A number of sources have responded to Proposition 47 critics’ claims that reducing certain non-violent, non-serious offenses from felonies to misdemeanors is to blame for California’s 2015 increase in urban crime, The Washington Post reported.
Since it passed, critics of the initiative have abundantly tried to blame Proposition 47 for a rise in crime. However, former San Diego Police Chief William Lansdowne told the Sacramento Bee, “There’s no data proving such a link.”
Two professors of criminology, law and society in the School of Social Ecology at the University of California at Irvine and a professor from Stanford Law School told the Post, “No such crime wave is likely to occur.”
Results from the study out of UC Irvine suggest the passage of Proposition 47 in 2014 “has had no effect on violent crimes, including homicide, rape, aggravated assault and robbery,” The Orange Country Register said.
When disputing this assumption, Charles E. Kubrin, Carroll Seron and Joan Petersilia told the Post, “California’s decision to cede authority over low-level offenders to its counties has been, for the most part, remarkably effective public policy and an extraordinarily rich case study in governance.”
Mike Males, Ph.D., senior research fellow at the Center of Juvenile and Criminal Justice, wrote in a research report, “If the reduction in local jail populations after Proposition 47 passed in November 2014, was responsible for the urban crime increase in early 2015, as some sources are arguing, then cities in counties with the largest reductions in jail populations in 2015 would show the biggest increases in crime; however, the data suggest this is not the case.”
A nonpartisan Pew Charitable Trusts study “found that raising the felony threshold has no impact on property crime or larceny rates. It also showed that states that increased their thresholds saw crime drop about the same amount as the 27 states that did not change their theft laws.” The threshold amount has no bearing on property crime and larceny rates.
Harsher penalties cost taxpayers a bundle to build and maintain prisons. “They do not automatically cut crime, just as lighter penalties don’t automatically invite more crime. Offenders act for a wide variety of reasons, and whether they might be convicted of a felony than a misdemeanor isn’t a large part of their thinking,” the Bee reported.
“In California, these latest results should help put the lie to flimsy claims that Proposition 47 has emboldened criminals and endangered the rest of us.

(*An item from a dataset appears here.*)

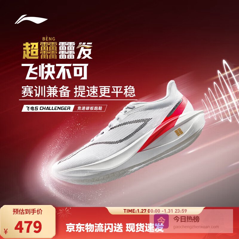 飞电5 Challenger是大众碳板的天花板,堪称李宁的诚意之作,549-800元的价格,让普通跑者也能轻松体验碳板的快乐。最速曲线系统搭配T700级铲形碳板,滚动感澎湃又不挑脚法,半马150或全马400以内的跑者穿它完全够用,中底的超䨻科技让回弹也很在线。GCR大底的湿地防滑和耐磨性都不错,日常赛训都能hold住,不用再花大价钱买高端碳板鞋,飞电5 Challenger这双鞋就是大众跑者的碳板入门首选,也是跑圈里的“平民碳板神鞋”。

Remember, the same dire predictions of a crime surge accompanied the state’s 2011 adoption of realignment, which shifted responsibility for tens of thousand of felons from the state to the counties. And a similar chorus of warnings rang out when voters softened the state’s Three-Strike laws in 2012,” Lansdowne said.
“No such crime wave is likely to occur”
The Post reported the counties that invested in offender re-entry in the aftermath of realignment had better performances in terms of recidivism than counties that focused resources on enforcement.
“As other states and the federal government contemplate their own proposals for prison downsizing, they should take a close look at what these California counties are doing right,” the three professors concluded.